Print, in exact form, the lines below from the one containing "3月18日,位于江西相山铀矿" through the one containing "결국 식물체가 고사함", and omit all others.

» Exercise material
=-=-=-=-=
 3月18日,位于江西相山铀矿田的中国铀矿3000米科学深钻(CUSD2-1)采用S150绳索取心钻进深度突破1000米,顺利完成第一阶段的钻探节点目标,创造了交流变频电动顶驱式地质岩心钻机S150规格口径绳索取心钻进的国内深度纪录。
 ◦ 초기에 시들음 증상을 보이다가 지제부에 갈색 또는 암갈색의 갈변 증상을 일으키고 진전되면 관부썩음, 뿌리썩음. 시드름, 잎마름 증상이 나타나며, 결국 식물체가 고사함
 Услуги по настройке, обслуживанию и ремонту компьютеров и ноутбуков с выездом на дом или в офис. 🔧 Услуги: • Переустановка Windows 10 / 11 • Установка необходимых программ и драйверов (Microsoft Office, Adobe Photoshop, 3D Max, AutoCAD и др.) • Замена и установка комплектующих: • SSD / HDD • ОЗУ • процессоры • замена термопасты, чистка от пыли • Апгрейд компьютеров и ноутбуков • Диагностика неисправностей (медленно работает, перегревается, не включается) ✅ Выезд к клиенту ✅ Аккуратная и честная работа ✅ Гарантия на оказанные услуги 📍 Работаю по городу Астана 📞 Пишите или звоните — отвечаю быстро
=-=-=-=-=
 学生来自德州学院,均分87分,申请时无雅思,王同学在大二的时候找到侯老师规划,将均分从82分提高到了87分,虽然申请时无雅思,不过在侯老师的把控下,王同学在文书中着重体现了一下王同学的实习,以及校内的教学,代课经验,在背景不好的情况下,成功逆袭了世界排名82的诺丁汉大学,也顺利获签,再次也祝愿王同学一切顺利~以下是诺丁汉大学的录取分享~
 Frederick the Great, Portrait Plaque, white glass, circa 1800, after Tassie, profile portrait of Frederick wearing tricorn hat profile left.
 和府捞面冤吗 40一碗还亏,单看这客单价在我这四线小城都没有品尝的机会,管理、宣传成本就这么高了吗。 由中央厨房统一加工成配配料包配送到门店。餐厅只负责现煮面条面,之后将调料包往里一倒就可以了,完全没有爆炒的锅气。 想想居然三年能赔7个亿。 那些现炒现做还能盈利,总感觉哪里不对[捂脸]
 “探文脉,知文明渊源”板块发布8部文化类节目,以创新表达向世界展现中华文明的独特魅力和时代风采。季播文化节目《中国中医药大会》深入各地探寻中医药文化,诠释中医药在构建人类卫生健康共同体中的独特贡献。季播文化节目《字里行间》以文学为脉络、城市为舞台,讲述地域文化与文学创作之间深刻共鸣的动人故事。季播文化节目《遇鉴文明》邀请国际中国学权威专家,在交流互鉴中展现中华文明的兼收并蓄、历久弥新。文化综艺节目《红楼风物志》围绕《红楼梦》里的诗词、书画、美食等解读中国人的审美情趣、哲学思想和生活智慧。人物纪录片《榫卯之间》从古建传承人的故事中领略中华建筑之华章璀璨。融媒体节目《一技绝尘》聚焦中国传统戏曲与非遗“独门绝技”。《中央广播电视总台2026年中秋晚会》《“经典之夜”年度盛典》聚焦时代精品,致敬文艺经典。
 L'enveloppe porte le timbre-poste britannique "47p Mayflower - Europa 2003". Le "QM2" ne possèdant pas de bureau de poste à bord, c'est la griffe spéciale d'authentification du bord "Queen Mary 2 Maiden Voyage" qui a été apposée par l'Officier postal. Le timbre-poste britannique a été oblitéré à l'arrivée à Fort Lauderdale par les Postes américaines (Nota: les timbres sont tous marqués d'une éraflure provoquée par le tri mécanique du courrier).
=-=-=-=-=
» Your solution
 3月18日,位于江西相山铀矿田的中国铀矿3000米科学深钻(CUSD2-1)采用S150绳索取心钻进深度突破1000米,顺利完成第一阶段的钻探节点目标,创造了交流变频电动顶驱式地质岩心钻机S150规格口径绳索取心钻进的国内深度纪录。
 ◦ 초기에 시들음 증상을 보이다가 지제부에 갈색 또는 암갈색의 갈변 증상을 일으키고 진전되면 관부썩음, 뿌리썩음. 시드름, 잎마름 증상이 나타나며, 결국 식물체가 고사함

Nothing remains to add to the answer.